Fig. 2 (a) Bright-field TEM cross-sectional image of the ITO/PEDOT:PSS/CH₃NH₃PbI₃/PC₆₁BM/Al bilayer solar cell. (b) HRTEM image of the CH₃NH₃PbI₃ layer. The (310) and (224) lattice planes are identified in the inset. The cross-section sample was prepared using FIB.

We note that the interface between PEDOT:PSS and CH₃NH₃PbI₃, which is analogous to the other hybrid Schottky diodes,^19–21 could potentially act as heterojunction for exciton dissociation due to the existence of an internal electric field at the interface. In that case, the holes are transferred to the Fermi level (E_F) of PEDOT:PSS, while the electrons are transferred to the conduction-band minimum (E_C) of CH₃NH₃PbI₃. In order to investigate these possibilities, we performed steady state photoluminescence (PL) measurements on CH₃NH₃PbI₃ only, CH₃NH₃PbI₃/PEDOT:PSS and CH₃NH₃PbI₃/PC₆₁BM bilayers. As indicated in ESI Fig.
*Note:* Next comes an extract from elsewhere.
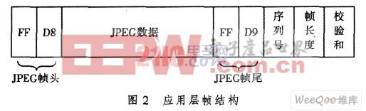 应用层成帧模块将图像帧封装成应用层帧,并添加序列号、帧长度与校验和到帧尾(见图2),用来在接收和显示端检测不同类型的错误。摄像头输出的JPEG 图像自带帧头与帧尾标识,帧头为0xFFD8,帧尾为0xFFD9。
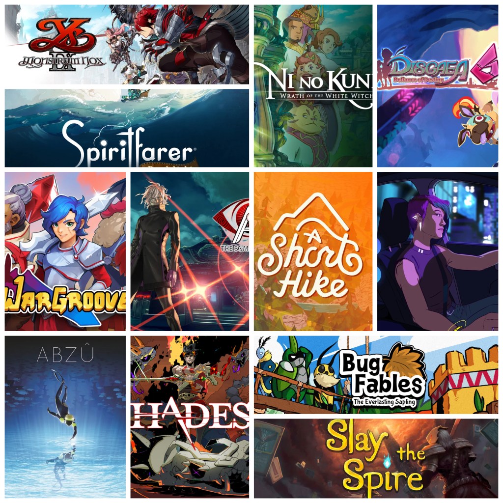 These are games I see recommended over and over again in Reddit threads on Switch game recommendations. They’re highly acclaimed games that I’m planning to play at some point. Hades seems to have won a large amount of well deserved awards since its release, and Slay the Spire and Spiritfarer are extremely popular as well. Ys IX and Disgaea 6 both came out in the last six months, and a sequel was just announced for AI: THE SOMNIUM FILES.

S4,† the PL intensity is quenched by a factor of 4 when coupled with the PEDOT:PSS layer and is further quenched by an additional factor of 3 in the CH₃NH₃PbI₃/PC₆₁BM heterojunction. This evidently indicates the efficacy of both junctions in splitting the excitons generated in CH₃NH₃PbI₃ with PC₆₁BM being a superior electron acceptor, which agrees with the recent finding by Abrusci et al.²²

To determine the feasibility of PC₆₁BM as electron acceptor in our planar heterojunction configuration, we compared CH₃NH₃PbI₃ perovskite devices with and without a PC₆₁BM layer. The devices were not based on our optimized fabrication conditions. The current density–voltage (J–V) characteristics of their respective devices are provided in ESI Fig. S5.† In the absence of PC₆₁BM, the ITO/PEDOT:PSS/CH₃NH₃PbI₃/Al device does not exhibit any meaningful power that could be extracted from the fourth quadrant of the light J–V characteristic graph. The fact that there is no significant photovoltaic characteristic observable in the ITO/PEDOT:PSS/CH₃NH₃PbI₃/Al device, despite the reported ambipolar characteristics of organolead halide and its use as an n-type transporter,^8,17,23 suggests that either the PEDOT:PSS/CH₃NH₃PbI₃ interface is less efficacious in promoting exciton dissociation and charge transfer, which correlates with the PL data, or the positioning of the electronic levels of the device components is unfavorable for both charge transport and collection. On the other hand, the device with the PC₆₁BM layer demonstrates typical photovoltaic behavior with a short-circuit current (J_SC) of 5.961 mA cm⁻², open-circuit voltage (V_OC) of 0.832 V, fill factor (FF) of 0.671 and power conversion efficiency (PCE) of 3.33%. The lack of efficient exciton dissociating interfaces in the absence of n-type PC₆₁BM in one of the devices compared to the other is responsible for the remarkable difference in device performance of the two types of devices.²⁴

The thickness of CH₃NH₃PbI₃ layers can be controlled by varying the concentration of the organolead halide solution and the deposition parameters. The best performing device was obtained using a 9 wt% precursor solution and no interlayer was applied between the PC₆₁BM and the Al. Fig. 3a demonstrates the J–V characteristics of our best CH₃NH₃PbI₃/PC₆₁BM bilayer solar cell device in dark and under AM 1.5G illumination (100 mW cm⁻²). The optimum device exhibits outstanding performance with a J_SC of 8.201 mA cm⁻², V_OC of 0.824 V, FF of 0.774 and PCE of 5.23%. To the best of our knowledge, this is one of the highest reported efficiencies for a low-temperature solution-processable solar cell with a genuine bilayer architecture. During the course of our manuscript preparation, Jeng et al. reported a similar system with an efficiency of 3.9% and with a lower FF and V_OC,²⁵ attributable to the roughness of the CH₃NH₃PbI₃ films. The planarity of their interface was also not verified.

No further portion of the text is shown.